## Action item
What you return should be the lines from the one with "In another tweet" through the one with "For 2025 Steel" in the data below, reproduced exactly with both ends, and no pictures at all.

## Data records
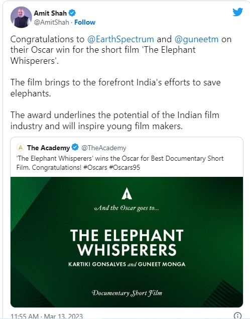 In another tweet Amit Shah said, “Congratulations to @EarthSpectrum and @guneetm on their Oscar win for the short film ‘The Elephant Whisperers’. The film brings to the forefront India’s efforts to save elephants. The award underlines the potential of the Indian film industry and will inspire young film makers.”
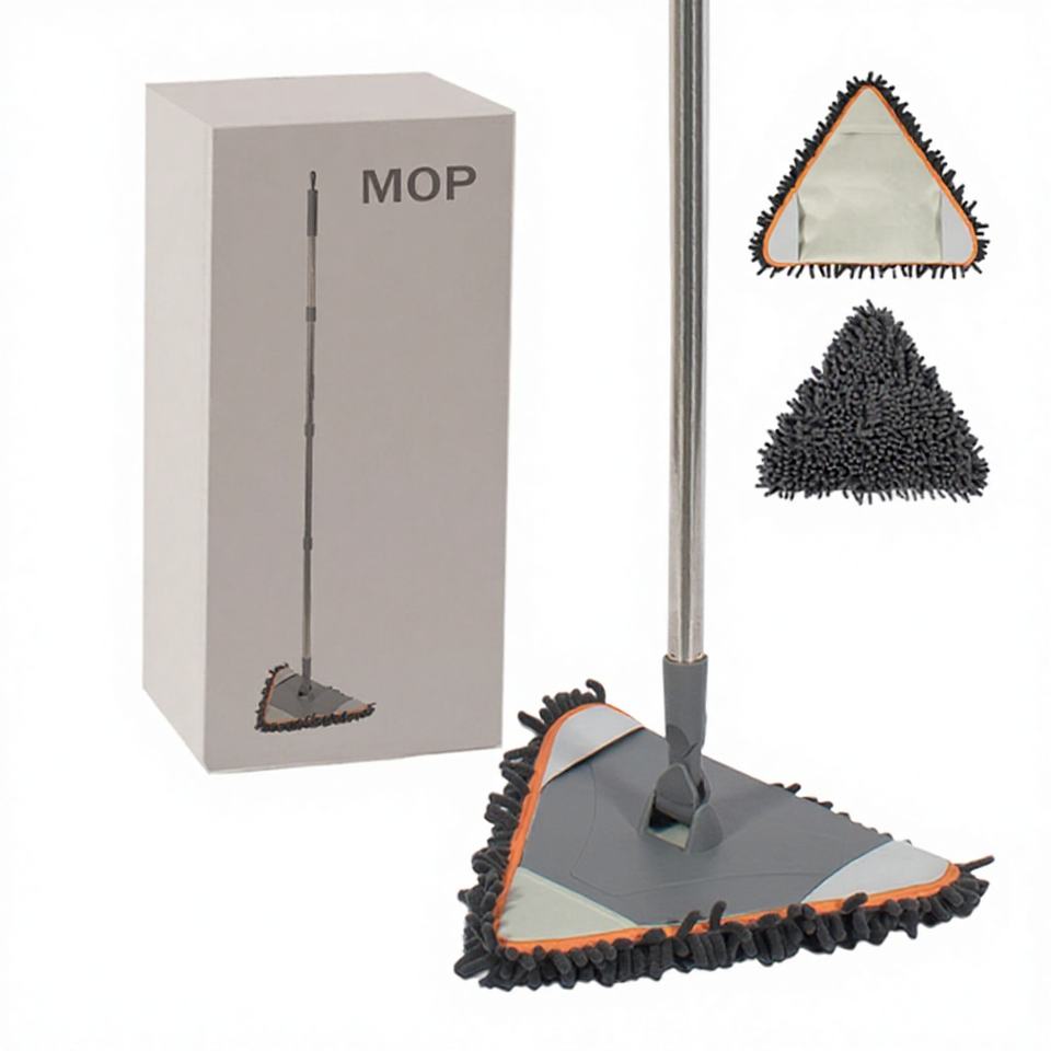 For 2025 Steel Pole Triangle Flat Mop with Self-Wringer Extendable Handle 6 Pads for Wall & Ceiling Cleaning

--

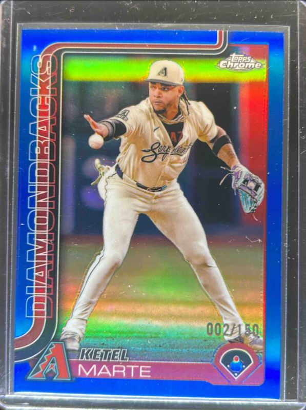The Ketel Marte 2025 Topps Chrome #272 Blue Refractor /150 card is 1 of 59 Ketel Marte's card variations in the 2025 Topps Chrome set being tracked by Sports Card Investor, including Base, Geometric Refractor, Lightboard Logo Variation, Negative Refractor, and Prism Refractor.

---

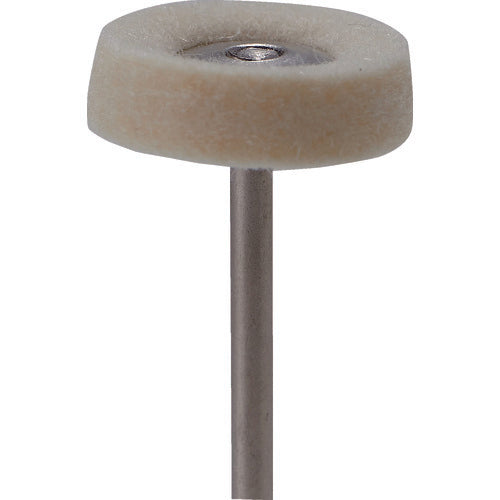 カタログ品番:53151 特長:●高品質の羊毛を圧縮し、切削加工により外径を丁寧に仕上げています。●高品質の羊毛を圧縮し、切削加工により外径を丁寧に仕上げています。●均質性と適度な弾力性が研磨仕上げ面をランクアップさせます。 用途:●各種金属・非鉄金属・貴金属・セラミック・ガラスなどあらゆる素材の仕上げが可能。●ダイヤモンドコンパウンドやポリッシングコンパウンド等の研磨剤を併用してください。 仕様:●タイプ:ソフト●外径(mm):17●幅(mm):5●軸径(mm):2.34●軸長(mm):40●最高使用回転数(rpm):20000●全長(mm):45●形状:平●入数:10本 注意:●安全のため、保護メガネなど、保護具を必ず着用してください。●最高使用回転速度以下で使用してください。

## Task output
 In another tweet Amit Shah said, “Congratulations to @EarthSpectrum and @guneetm on their Oscar win for the short film ‘The Elephant Whisperers’. The film brings to the forefront India’s efforts to save elephants. The award underlines the potential of the Indian film industry and will inspire young film makers.”
 For 2025 Steel Pole Triangle Flat Mop with Self-Wringer Extendable Handle 6 Pads for Wall & Ceiling Cleaning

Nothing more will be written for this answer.